Foreplay Tips for Women

Foreplay Tips for Women

October 17, 2024 0 Comments

There are numerous ways to a man’s heart and good sex is part of keeping his heart happy. These foreplay tips will help you do that, changing the flavor and texture of your sex life. Slowing down the proceedings changes things because of the following: 

  • The woman setting the pace of a sexual encounter changes the emphasis. Because women are intensely sensual. Emphasize sensuality and loving touch to change the tone of the encounter.
  • If you don’t set the pace, he will and that pace may be too fast for you to get what you need from the encounter – an orgasm.
  • By taking charge of the pace and using these foreplay tips, you’ll be delaying his orgasm, which puts you two on a more level playing field. That’s simply because men will usually orgasm within 5 to 10 minutes of sexual stimulation, while women may take up to 20 minutes to climax.

Setting the Pace With Foreplay for Women

Most women know that men tend to focus on orgasm as the goal of sexual intercourse. But sex’s goal is not to reach orgasm, unless you’re trying to make a baby. Sex’s goal is to increase intimacy through the mutual enjoyment of pleasure.

And pleasure is the goal of our foreplay tips. As I said above, women take more time to reach orgasm. Our sexual approach is a little different from men’s, being more focused on touch/sensuality than the visual aspects of sexuality (men’s approach). But you can open the door to profound sexual experiences for the two of you just by slowing things down.

The Pleasurable Art of Delayed Gratification

Foreplay for women is an art form that surreptitiously brings an unspoken demand to the center of the sex you’re engaging in. That demand is an orgasm. The role of orgasm in human sexual health (and overall health, incidentally) is pivotal. So, by delaying your partner’s gratification – in the most delightful way – with foreplay tips that slow play down, you’re advocating for your own orgasm.

If you’re setting the pace, then you must set the scene. Dress the part. Be the seductress of his dreams. Pull out that red hot lingerie. Give that man a show because he is a visual creature. Then entice your playmate to the bedroom, where you will – ever so slowly – reveal yourself to him. Make him wait, as your lingerie falls, piece by piece, to the floor. Making him wait is one of our most important foreplay tips, as the goal of foreplay for women is to extend sexy time to ensure that you get the same fireworks display!

Ignore the Elephant in the Room

In truth, it’s just the elephant’s “trunk” you’ll be ignoring. That’s right! You’re going to pretend that his penis does not exist. And do not, under any circumstances, allow him to touch it. The penis is sensitive and you don’t want it getting ahead of itself, so hands off, until later! Foreplay for women is about delayed gratification, so delay it. This is more than one of our foreplay tips. It’s a foreplay rule.

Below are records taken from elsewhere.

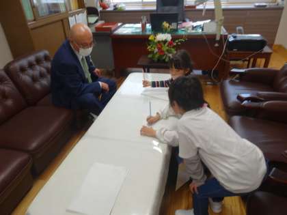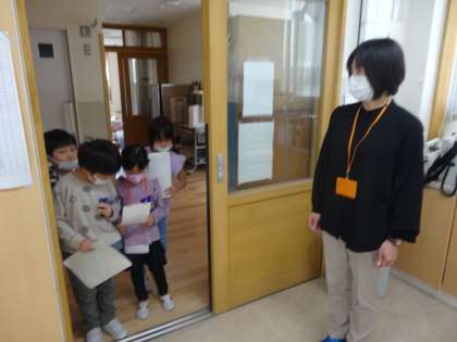 生活科の学習で、奥田小学校の探検をしています。職員室や用務員室等に行き、先生の名前や仕事をインタビューしたり、どんな物があるか調べたりしました。校長室に行った子供たちは「教室の椅子よりふわふわの椅子があったよ」「校長先生とたくさんお話ができて楽しかったよ」と活動を振り返っていました。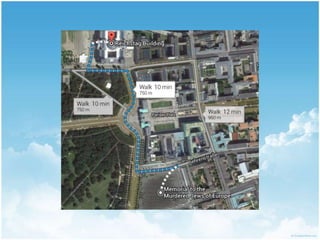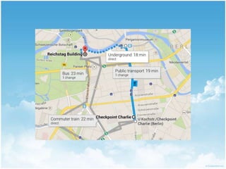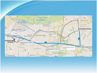 Das Dokument beschreibt einen Tag in Berlin und listet verschiedene Sehenswürdigkeiten und Orte wie das Hotel Brandenburger Hof, den Checkpoint Charlie, das Reichstagsgebäude, das Denkmal für die ermordeten Juden Europas, den Tiergarten, das Schloss Charlottenburg, das Kaufhaus des Westens (KaDeWe) und den Berliner Fernsehturm auf.
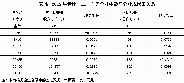 对退出“三上”的企业,将平均年龄与从业人员数、营业收入等反映企业规模的指标进行相关分析后发现,平均从业人员数同企业的年龄存在正相关关系。而与年平均营业收入之间相关分析看,除0—5岁和30岁以上的企业年龄与年平均营业收入为较弱的负相关外,其余各年龄段的企业年龄与年平均营业收入呈偏弱的正相关(见表4)。这表明退出的这些“三上”企业,年龄越大其从业人员越多,当其在少年和青年时期,年龄越大平均营业收入也越大,而在幼年期和中年期以后,年龄越大平均营业收入越小,这应该反映了退出的“三上”企业曾经面临的发展瓶颈和困难。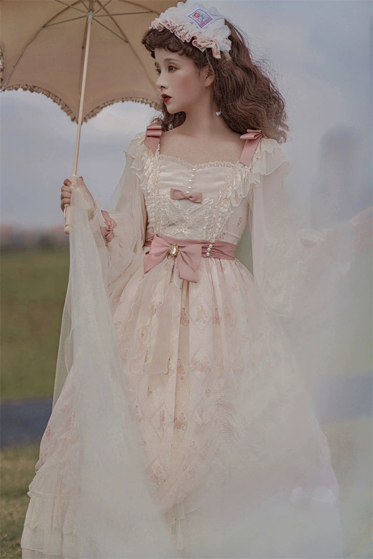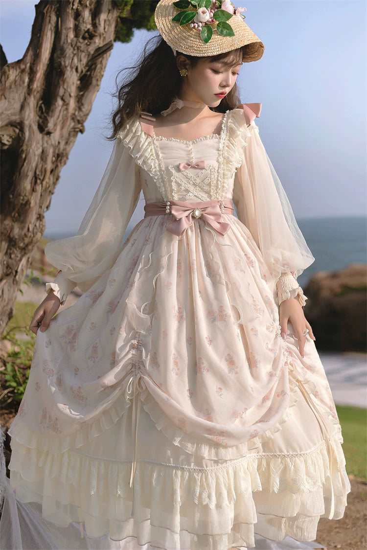 Design Elements: This Lolita dress boasts a soft, creamy hue that exudes elegance and grace. The bodice is intricately designed with delicate lace and floral embroidery, creating a romantic and vintage aesthetic. The neckline is adorned with a soft pink ribbon, adding a touch of femininity. The skirt is multi-layered, with ruffled edges that add volume and a whimsical touch. The overall design is both charming and sophisticated.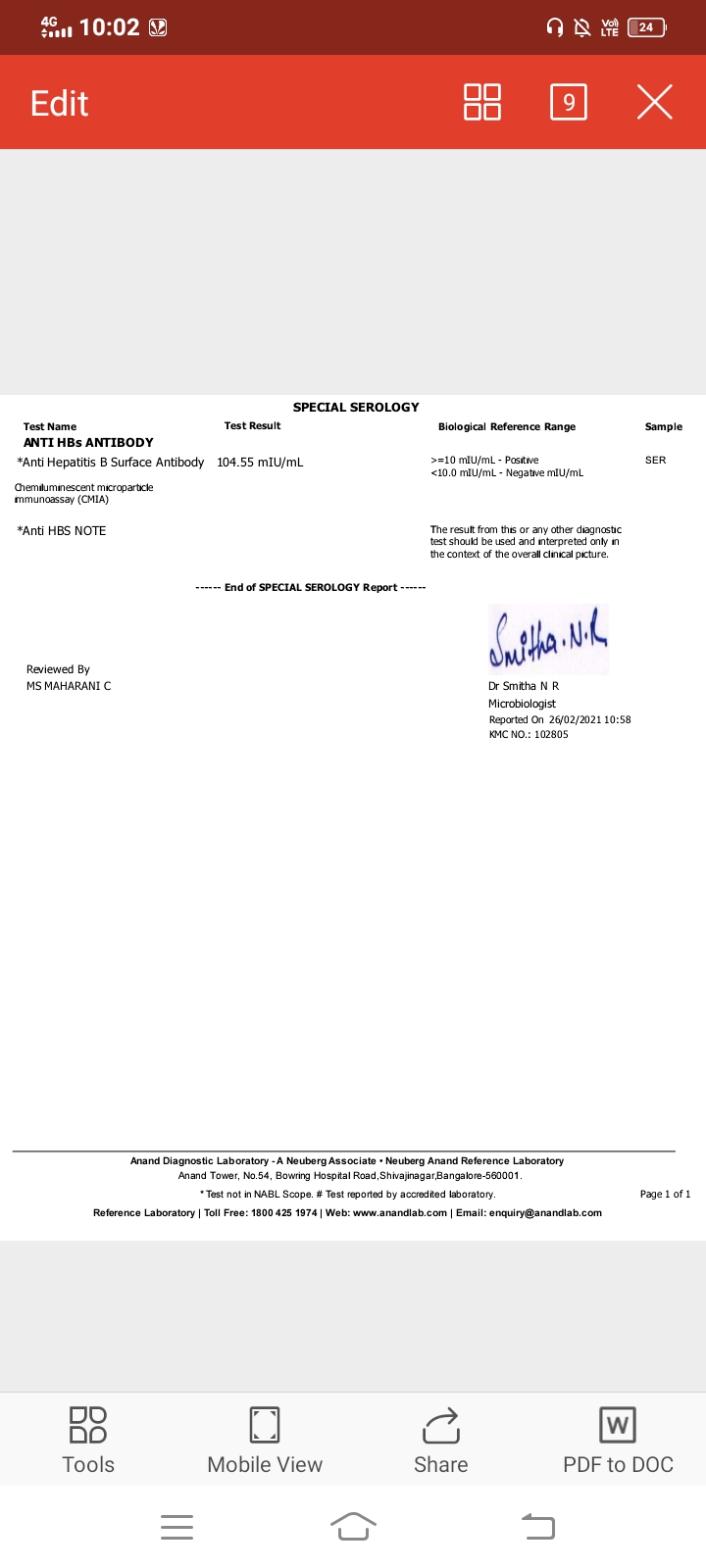 Now here comes my hepatitis b antibody report…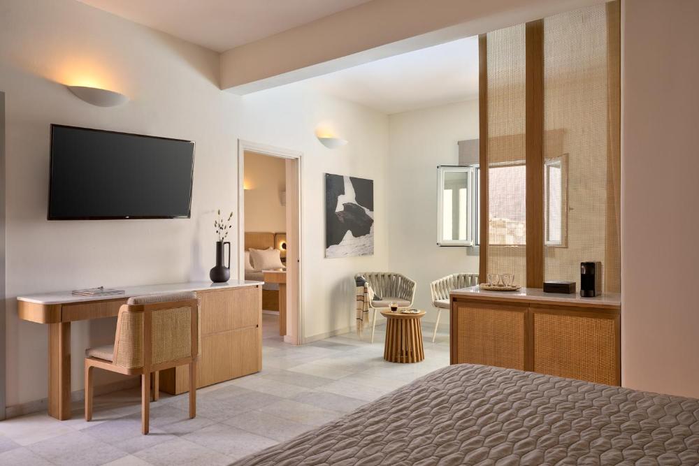 Tomatini, het gloednieuwe restaurant van het hotel, neemt gasten mee op reis naar de verschillende Cycladen met gerechten van de nabijgelegen eilanden. De Tomatini Bar serveert de langste lijst aan margarita's in Europa.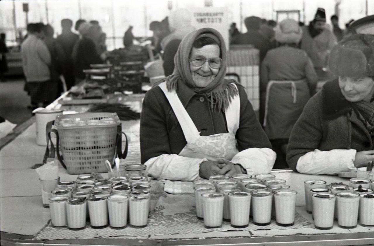 Добрая советская бабушка продаёт кисломолочку на Нижнем рынке Ставрополя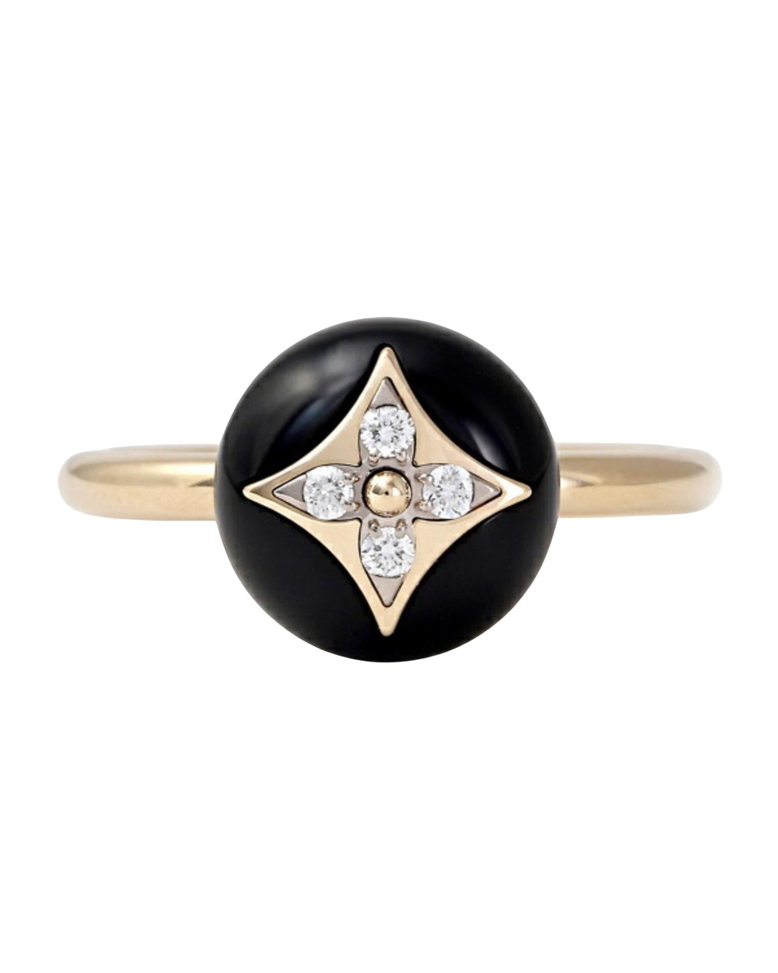This Color Blossom stacking ring is crafted in 18 karat white and yellow gold. The polished black onyx stone is set with an emblematic Monogram flower composed of four sparkling diamonds.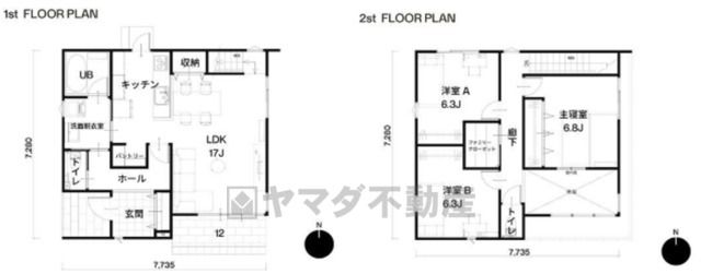 LDK17畳(1F)、洋6.8畳(2F)、洋6.3畳(2F) |

Focus on his erogenous zones, treating them to a thorough going over with your hands, mouth, and tongue:

  • Mouth: Kissing is not a prelude to sex. Kissing is part of the sexual arc of desire, leading to a resolution in intercourse. And most men love to be kissed, so kissing is part of foreplay for women. But engage the mouth in creative ways. Run your fingers across his lips, then gently part them to insert your finger. Nibble his lips. Taste his tongue. Devour him.
  • Lower abdomen: One of my favorite foreplay tips to drive a man crazy than to sensually explore this part of his body. The lower abdomen is close to the genitalia, so just the suggestion of where you’re going will drive him mad. Just don’t go there yet. Instead, tease his sensitive abdomen with your mouth, tongue, and hands.
  • Ears: The light flutter of your tongue against an earlobe, unexpected and fleeting, can be a source of writhing pleasure for your man. Run the tip of your nose along the outside edge of his ear to thrill him.
  • Anus: Some men are a little timid about this part of their bodies. But penetration isn’t required. I suggest a little lube on a finger and a gentle touch (unless he asks for more.)

Only when your man is aroused to the point of madness will you touch his genitals. I can’t emphasize this enough as a central rule in foreplay for women. When you do begin to engage the penis, don’t leave the scrotum out of the fun. Scrotal stimulation is an absolute must but approach with caution. Cradle. Do not squeeze. Be gentle with the scrotum but don’t be afraid of it, either. This is one of our top foreplay tips as the scrotum is so shy and sensitive.